Iran resumes uranium conversion activities

Iran resumed uranium conversion activities today at a nuclear facility – a step that Europeans and the US warned would prompt them to seek UN sanctions against Tehran.

Iran resumed uranium conversion activities today at a nuclear facility – a step that Europeans and the US warned would prompt them to seek UN sanctions against Tehran.

Work resumed at the Isfahan conversion facility quickly after inspectors from the UN nuclear watchdog finished installing surveillance equipment there and seals on equipment were removed.

Iran had suspended work at the plant and its other nuclear facilities in November to avoid UN sanctions and as a gesture in negotiations with the Europeans.

The resumption escalates a confrontation between Iran and the West over its nuclear programme, which the Europeans have been trying to convince the Iranians to sharply limit. But Iran on Saturday rejected European proposals for it to curtail the program in return for economic incentives.

The International Atomic Energy Agency’s 35-nation board of governors holds an emergency session tomorrow to consider whether to refer Iran to the UN Security Council, which could impose economic sanctions. Germany, France and the US have said they would likely recommend doing so if work at Isfahan resumes.

The US accuses Iran of seeking to develop nuclear weapons, while Iran insists its programme aims only to produce electricity. But Iran has insisted it has the right to develop the entire fuel cycle – from raw uranium to the fuel for a reactor. Europe fears that if Iran can develop fuel on its own, it will also secretly produce material for a bomb.

The Conversion Facility, 10 miles southeast of the historical city of Isfahan, carried out an early stage of the fuel cycle, turning raw uranium, known as yellowcake, into UF-6 gas, the feedstock for enrichment.

In the next stage of the process – which Iran has said it will not resume for the time being – the gas is fed in centrifuges for enrichment. Uranium enriched to a low level is used to produce nuclear fuel and further enrichment makes it suitable for use in atomic bomb.

The official Islamic Republic News Agency announced that the Isfahan plant resumed work today, with uranium ore “taken into a special room for injection, sampling and other reprocessing activities.” It said the plant will soon start turning yellowcake into UF-4, a preliminary stage before UF-6.

IAEA inspectors will remove seals from the unit where UF-4 is turned into UF-6 in the next few days, bringing the facility into full work, the television said.

Before the suspension of work at the plant, Iran converted some 37 tons of yellowcake into UF-4. Experts say that amount of yellowcake could yield more than 200lbs of weapons-grade uranium, enough to make five crude nuclear weapons.

The Uranium Conversion Facility in Isfahan and the uranium enrichment plant in Natanz, also central Iran, house the heart of Iran’s nuclear programme.

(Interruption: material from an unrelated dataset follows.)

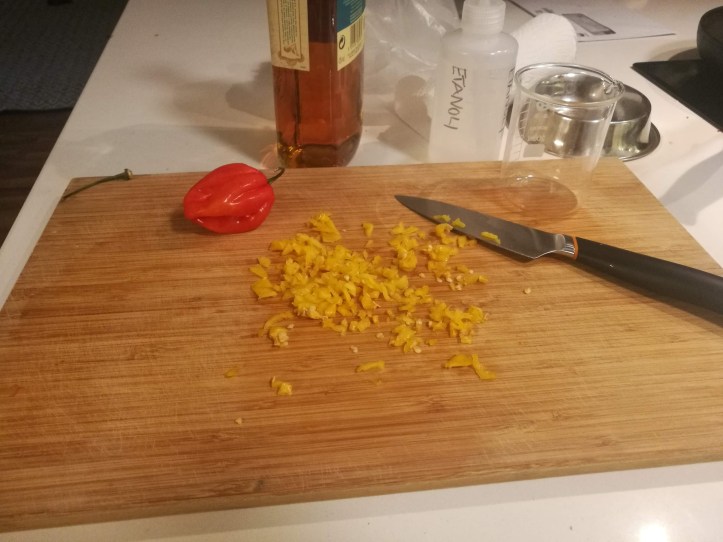 Aluksi desinfioin veitsen, leikkuulaudan, hanskat ja lasin. Silppusin yhden keltaisen habaneron pieneksi, laitoin lasiin ja kaadoin päälle noin desin viskiä. Annoin tämän seoksen olla noin vuorokauden ajan ennen ensimmäistä maistelusessiota. Hyvin tuo kapsaisiini tuntui liukenevan, sillä kun kokeilin sekoittaa yhden osan tätä habaneroviskiä 99 osaan olutta, niin oluesta tuli aivan liian tulista juotavaksi.

Iran says suspension of all its nuclear activities has harmed its technological advancement and left hundreds of scientists without work. Iran’s nuclear programme has also turned into a matter of national pride for both reformers and hardliners within Iran’s ruling Islamic establishment.

On Saturday, Iran rejected the European proposals, saying the offer failed to recognise Iran’s right to enrich uranium, a right given under the Nuclear Non-proliferation Treaty.

Under the proposals, Iran would agree not to resume enrichment or other related activities and in return Europe would ensure it a supply of fuel for nuclear reactors, technical help in building nuclear facilities and other economic incentives.

Ali Agha Mohammadi, spokesman of the Supreme National Security Council, the country’s top security decision-making body, told IRNA that Britain, Germany and France will officially be notified of Iran’s rejection of the European proposals later today.